• [BRIEF]:
Leaving out the pictures, please reproduce exactly and only the lines from the one that contains "Sterling Silver Gold" through the last line below.

• [DATA SHOWN]:
◆ ◆ ◆ ◆ ◆ ◆ ◆

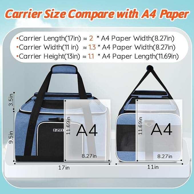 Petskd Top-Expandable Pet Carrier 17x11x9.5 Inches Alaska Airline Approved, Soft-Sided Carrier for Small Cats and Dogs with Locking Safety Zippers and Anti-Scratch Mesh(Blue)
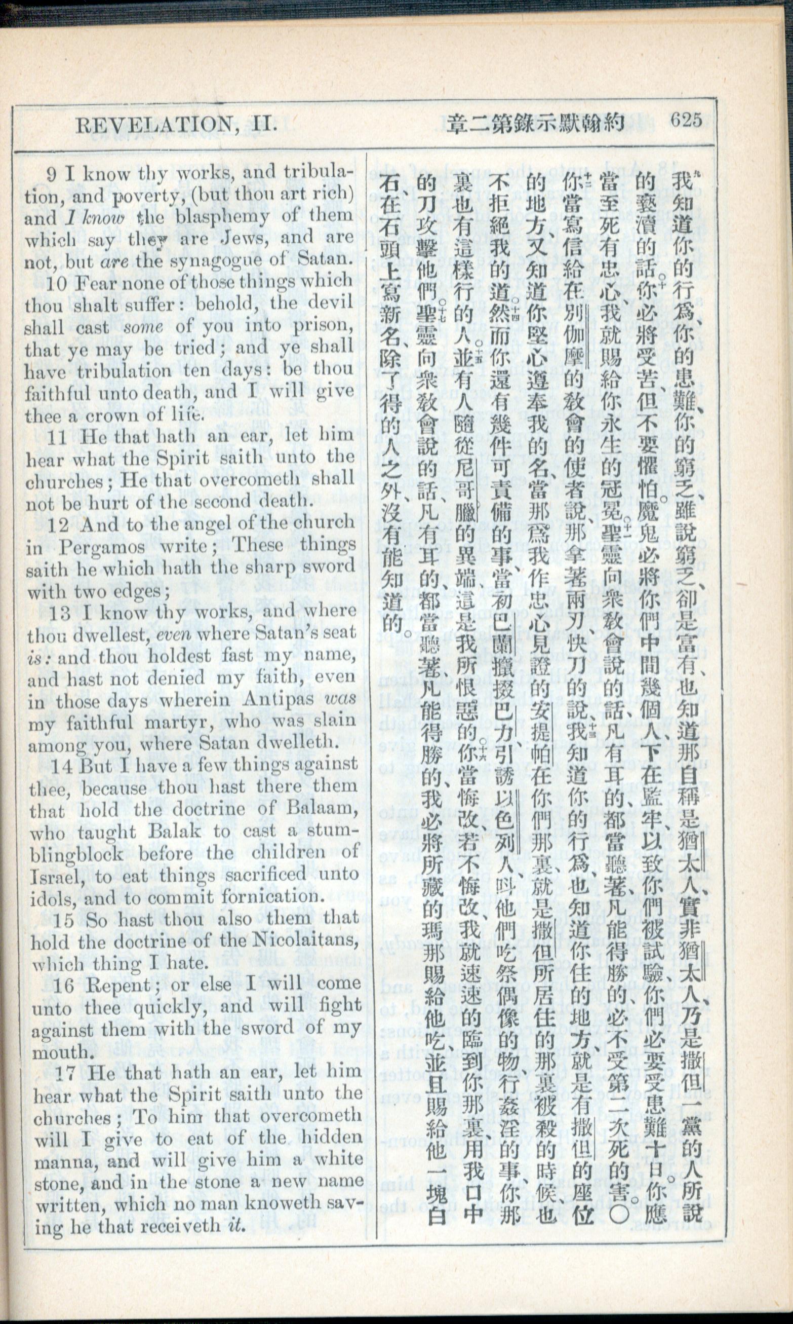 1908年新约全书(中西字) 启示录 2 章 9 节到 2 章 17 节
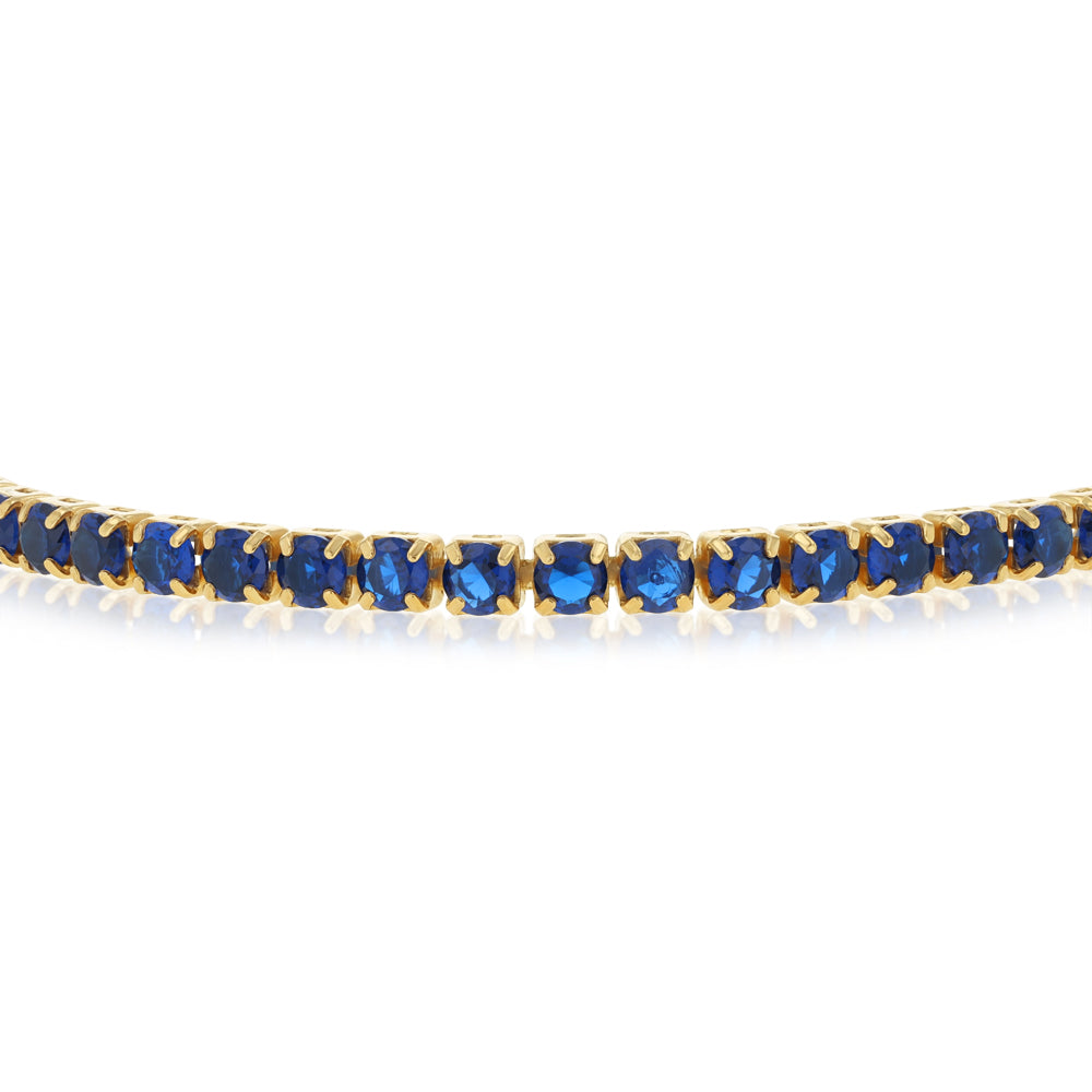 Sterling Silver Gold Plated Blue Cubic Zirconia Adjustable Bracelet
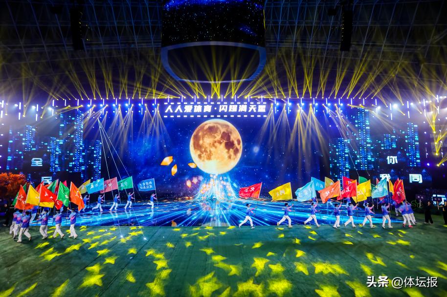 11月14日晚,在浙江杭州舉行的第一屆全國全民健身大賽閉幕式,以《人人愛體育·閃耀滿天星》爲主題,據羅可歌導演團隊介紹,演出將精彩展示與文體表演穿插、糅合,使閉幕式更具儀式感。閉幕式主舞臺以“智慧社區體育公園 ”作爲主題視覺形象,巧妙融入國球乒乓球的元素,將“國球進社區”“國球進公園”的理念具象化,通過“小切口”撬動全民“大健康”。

◆ ◆ ◆ ◆ ◆ ◆ ◆

• [FINISHED EXERCISE]:
 Sterling Silver Gold Plated Blue Cubic Zirconia Adjustable Bracelet
 11月14日晚,在浙江杭州舉行的第一屆全國全民健身大賽閉幕式,以《人人愛體育·閃耀滿天星》爲主題,據羅可歌導演團隊介紹,演出將精彩展示與文體表演穿插、糅合,使閉幕式更具儀式感。閉幕式主舞臺以“智慧社區體育公園 ”作爲主題視覺形象,巧妙融入國球乒乓球的元素,將“國球進社區”“國球進公園”的理念具象化,通過“小切口”撬動全民“大健康”。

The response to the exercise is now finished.